Saved data entries ::
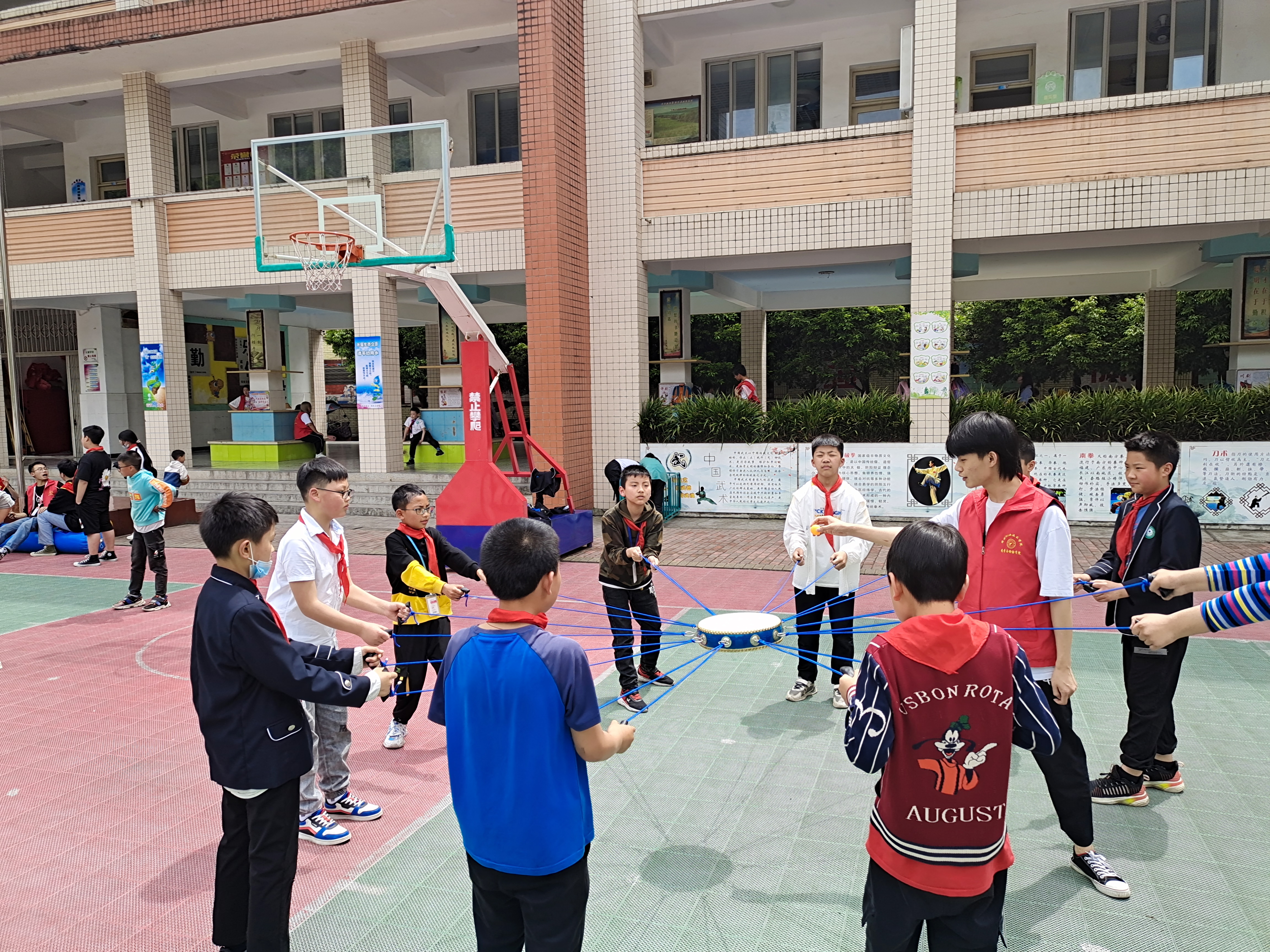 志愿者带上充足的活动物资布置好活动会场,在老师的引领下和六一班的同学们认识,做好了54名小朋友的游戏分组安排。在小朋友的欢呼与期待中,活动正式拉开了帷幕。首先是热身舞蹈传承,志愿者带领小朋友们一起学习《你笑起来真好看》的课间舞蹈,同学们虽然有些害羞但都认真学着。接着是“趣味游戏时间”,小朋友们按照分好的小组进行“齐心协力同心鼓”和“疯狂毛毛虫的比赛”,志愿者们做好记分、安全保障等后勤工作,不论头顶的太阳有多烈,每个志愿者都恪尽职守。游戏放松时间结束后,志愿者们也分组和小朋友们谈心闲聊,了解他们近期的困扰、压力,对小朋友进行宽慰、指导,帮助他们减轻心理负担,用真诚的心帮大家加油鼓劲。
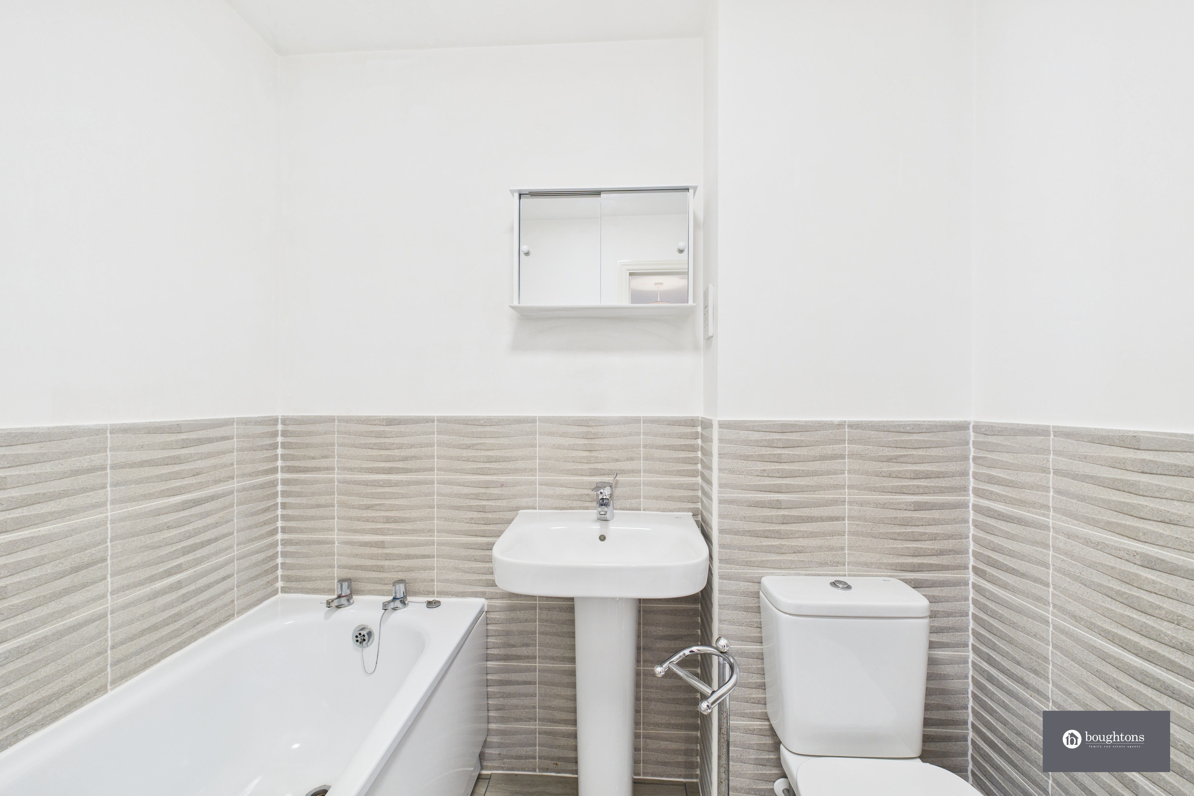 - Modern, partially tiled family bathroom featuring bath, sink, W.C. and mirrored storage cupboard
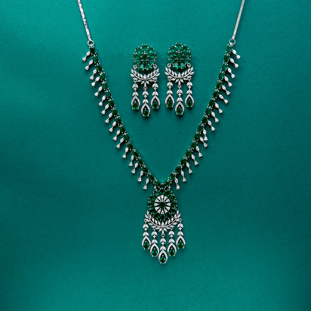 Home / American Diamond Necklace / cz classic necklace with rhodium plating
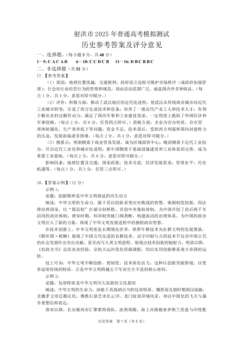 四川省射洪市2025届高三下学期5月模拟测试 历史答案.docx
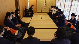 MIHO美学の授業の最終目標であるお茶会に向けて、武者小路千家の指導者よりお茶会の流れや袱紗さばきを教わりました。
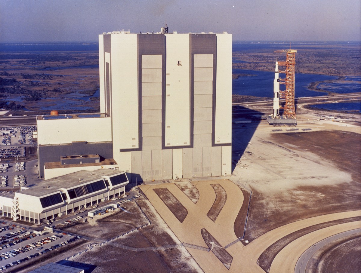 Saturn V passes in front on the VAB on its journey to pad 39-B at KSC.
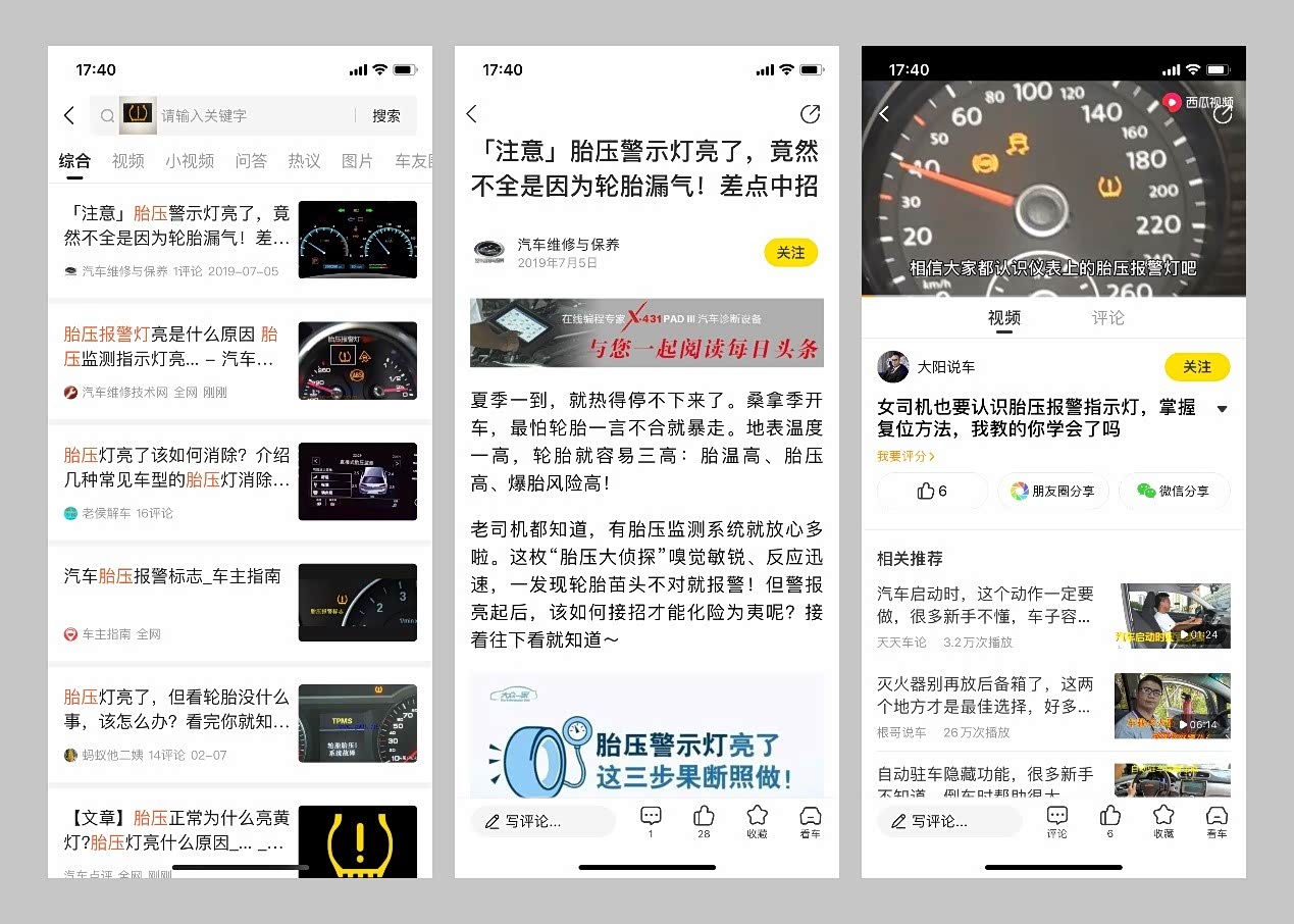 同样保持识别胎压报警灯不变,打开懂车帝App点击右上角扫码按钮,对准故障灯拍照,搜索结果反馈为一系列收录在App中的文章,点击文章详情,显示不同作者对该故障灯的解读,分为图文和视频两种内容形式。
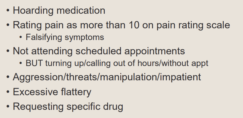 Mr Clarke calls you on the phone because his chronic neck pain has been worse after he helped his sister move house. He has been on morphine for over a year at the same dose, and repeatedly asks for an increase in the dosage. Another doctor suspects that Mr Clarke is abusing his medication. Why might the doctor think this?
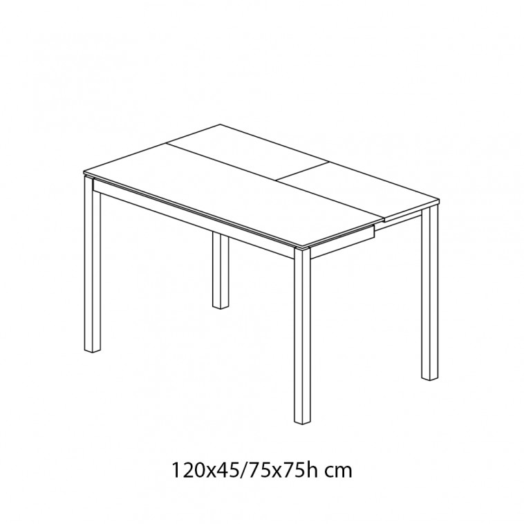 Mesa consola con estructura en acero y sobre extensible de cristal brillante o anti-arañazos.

Task item ::
Please repeat the records above exactly, leaving every picture out.

Reply ::
 志愿者带上充足的活动物资布置好活动会场,在老师的引领下和六一班的同学们认识,做好了54名小朋友的游戏分组安排。在小朋友的欢呼与期待中,活动正式拉开了帷幕。首先是热身舞蹈传承,志愿者带领小朋友们一起学习《你笑起来真好看》的课间舞蹈,同学们虽然有些害羞但都认真学着。接着是“趣味游戏时间”,小朋友们按照分好的小组进行“齐心协力同心鼓”和“疯狂毛毛虫的比赛”,志愿者们做好记分、安全保障等后勤工作,不论头顶的太阳有多烈,每个志愿者都恪尽职守。游戏放松时间结束后,志愿者们也分组和小朋友们谈心闲聊,了解他们近期的困扰、压力,对小朋友进行宽慰、指导,帮助他们减轻心理负担,用真诚的心帮大家加油鼓劲。
 - Modern, partially tiled family bathroom featuring bath, sink, W.C. and mirrored storage cupboard
 Home / American Diamond Necklace / cz classic necklace with rhodium plating
 四川省射洪市2025届高三下学期5月模拟测试 历史答案.docx
 MIHO美学の授業の最終目標であるお茶会に向けて、武者小路千家の指導者よりお茶会の流れや袱紗さばきを教わりました。
 Saturn V passes in front on the VAB on its journey to pad 39-B at KSC.
 同样保持识别胎压报警灯不变,打开懂车帝App点击右上角扫码按钮,对准故障灯拍照,搜索结果反馈为一系列收录在App中的文章,点击文章详情,显示不同作者对该故障灯的解读,分为图文和视频两种内容形式。
 Mr Clarke calls you on the phone because his chronic neck pain has been worse after he helped his sister move house. He has been on morphine for over a year at the same dose, and repeatedly asks for an increase in the dosage. Another doctor suspects that Mr Clarke is abusing his medication. Why might the doctor think this?
 Mesa consola con estructura en acero y sobre extensible de cristal brillante o anti-arañazos.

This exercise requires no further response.